## ACTIVITY:
Every line of the data should be written out exactly, with the pictures left out.

## DATASET EXCERPT:
──────────
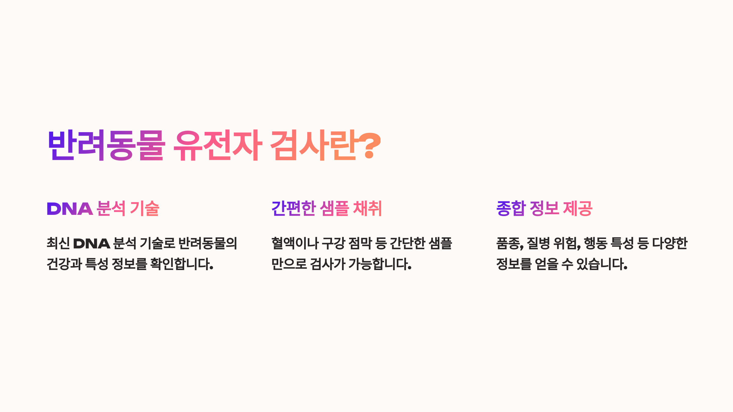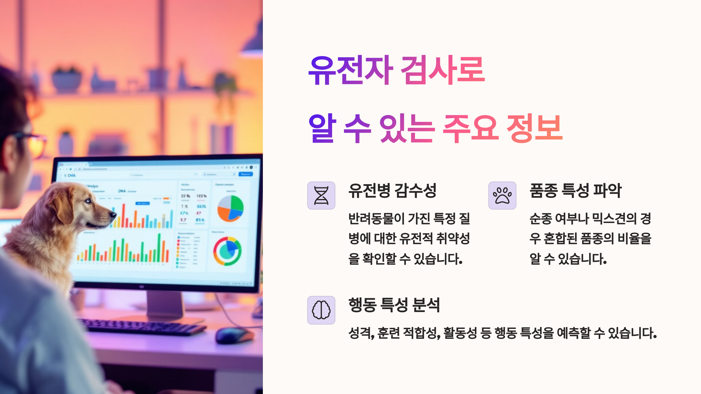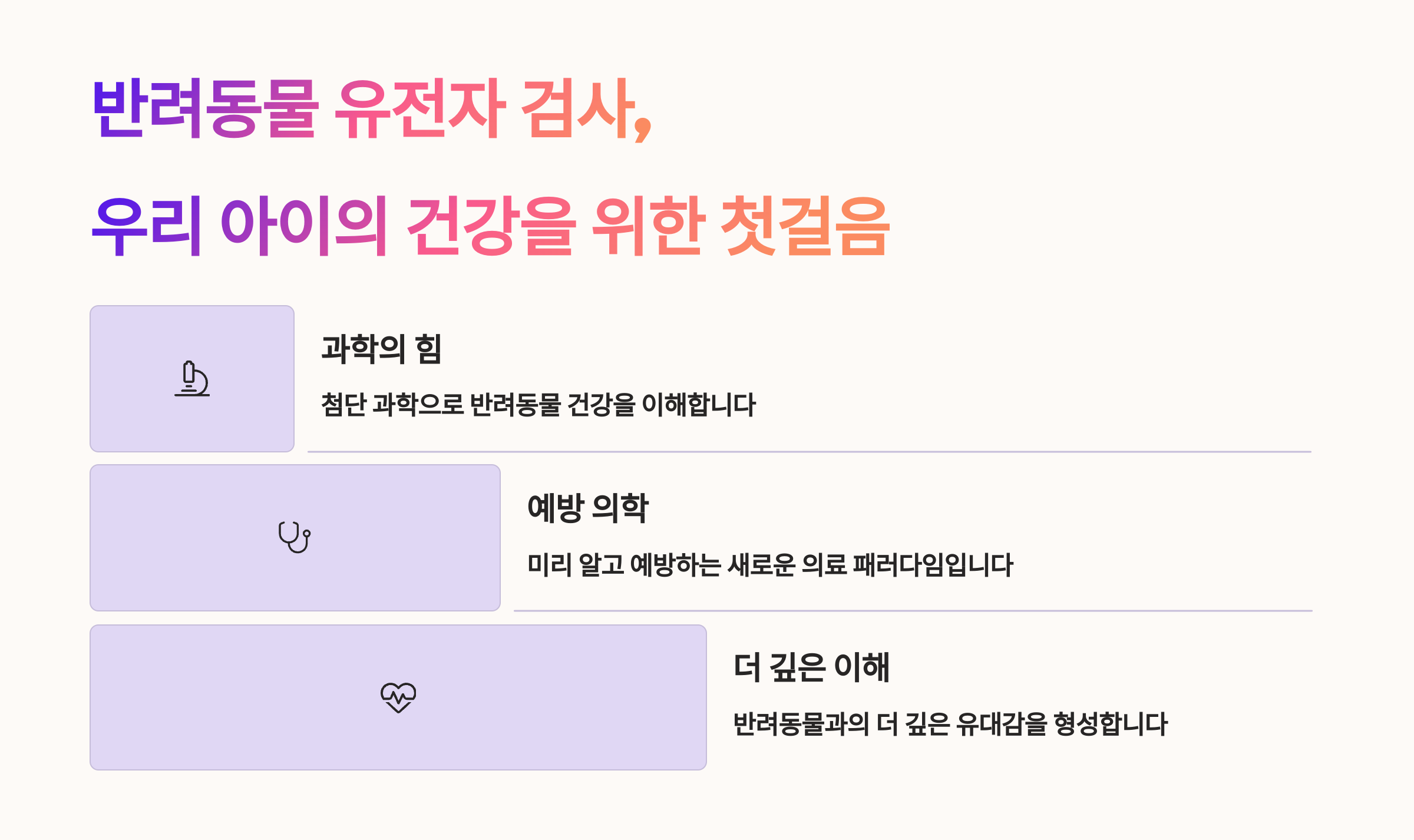 🧬 유전자(DNA)는 생물의 모든 정보를 담고 있어요. 반려동물도 각각 고유한 유전 정보를 가지고 있는데, 이 안에는 유전병, 신체 특성, 식이 반응, 행동 성향 같은 정보가 포함돼 있어요.
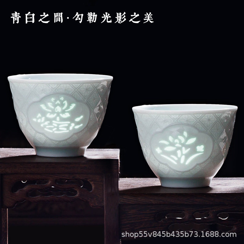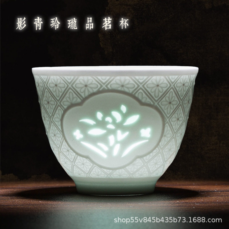 景德镇影青玲珑镂空陶瓷功夫茶杯主人杯单杯高端品茗杯个人杯茶具
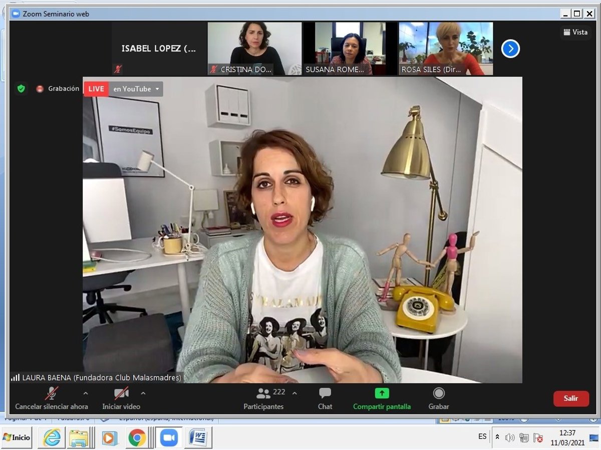 La Consejería de Empleo, Formación y Trabajo Autónomo, a través de Andalucía Emprende, ha celebrado el webinar 'Emprendimiento y Conciliación' de la mano de Laura Baena, emprendedora malagueña y fundadora del 'Club de las Malasmadres' --comunidad que nace en 2014 para reivindicar un espacio propio para las mujeres y madres y luchar por la conciliación laboral y familiar--, quien ha reivindicado la conciliación para "emprender por talento y no por necesidad".
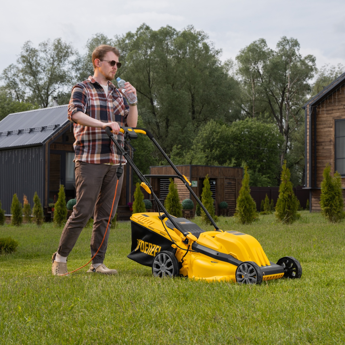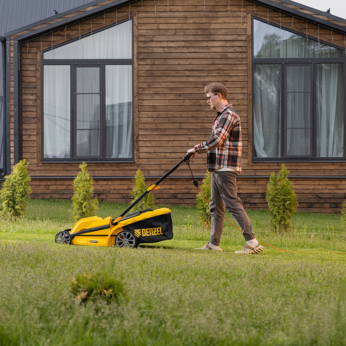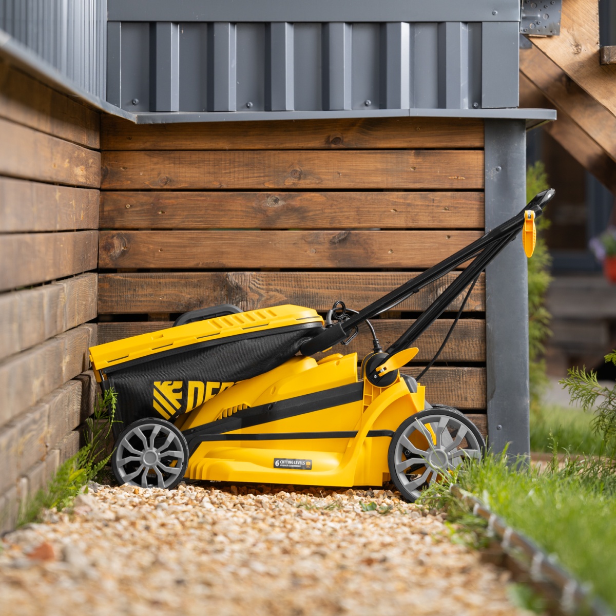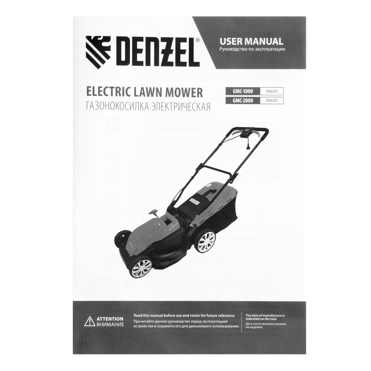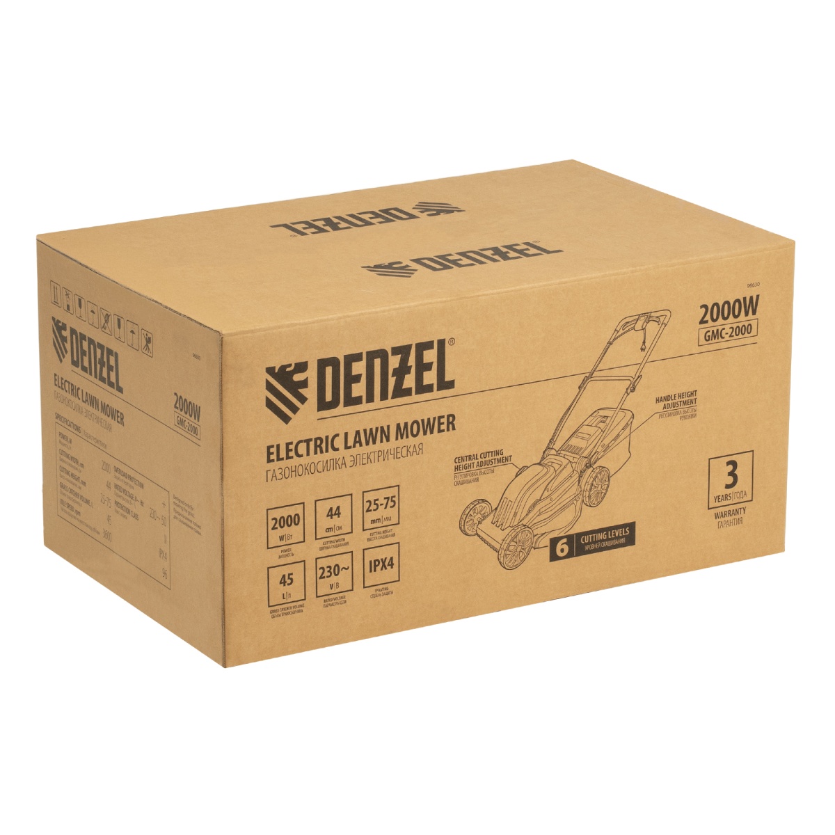 Купить Газонокосилка электрическая GMC-2000, шир. 44см, 2000 Вт, 6 уров., травосб. 45 л Denzel V1285 по лучшей цене с доставкой - интернет магазин №1 в России
──────────
## RESULT OF THE EXERCISE:
 🧬 유전자(DNA)는 생물의 모든 정보를 담고 있어요. 반려동물도 각각 고유한 유전 정보를 가지고 있는데, 이 안에는 유전병, 신체 특성, 식이 반응, 행동 성향 같은 정보가 포함돼 있어요.
 景德镇影青玲珑镂空陶瓷功夫茶杯主人杯单杯高端品茗杯个人杯茶具
 La Consejería de Empleo, Formación y Trabajo Autónomo, a través de Andalucía Emprende, ha celebrado el webinar 'Emprendimiento y Conciliación' de la mano de Laura Baena, emprendedora malagueña y fundadora del 'Club de las Malasmadres' --comunidad que nace en 2014 para reivindicar un espacio propio para las mujeres y madres y luchar por la conciliación laboral y familiar--, quien ha reivindicado la conciliación para "emprender por talento y no por necesidad".
 Купить Газонокосилка электрическая GMC-2000, шир. 44см, 2000 Вт, 6 уров., травосб. 45 л Denzel V1285 по лучшей цене с доставкой - интернет магазин №1 в России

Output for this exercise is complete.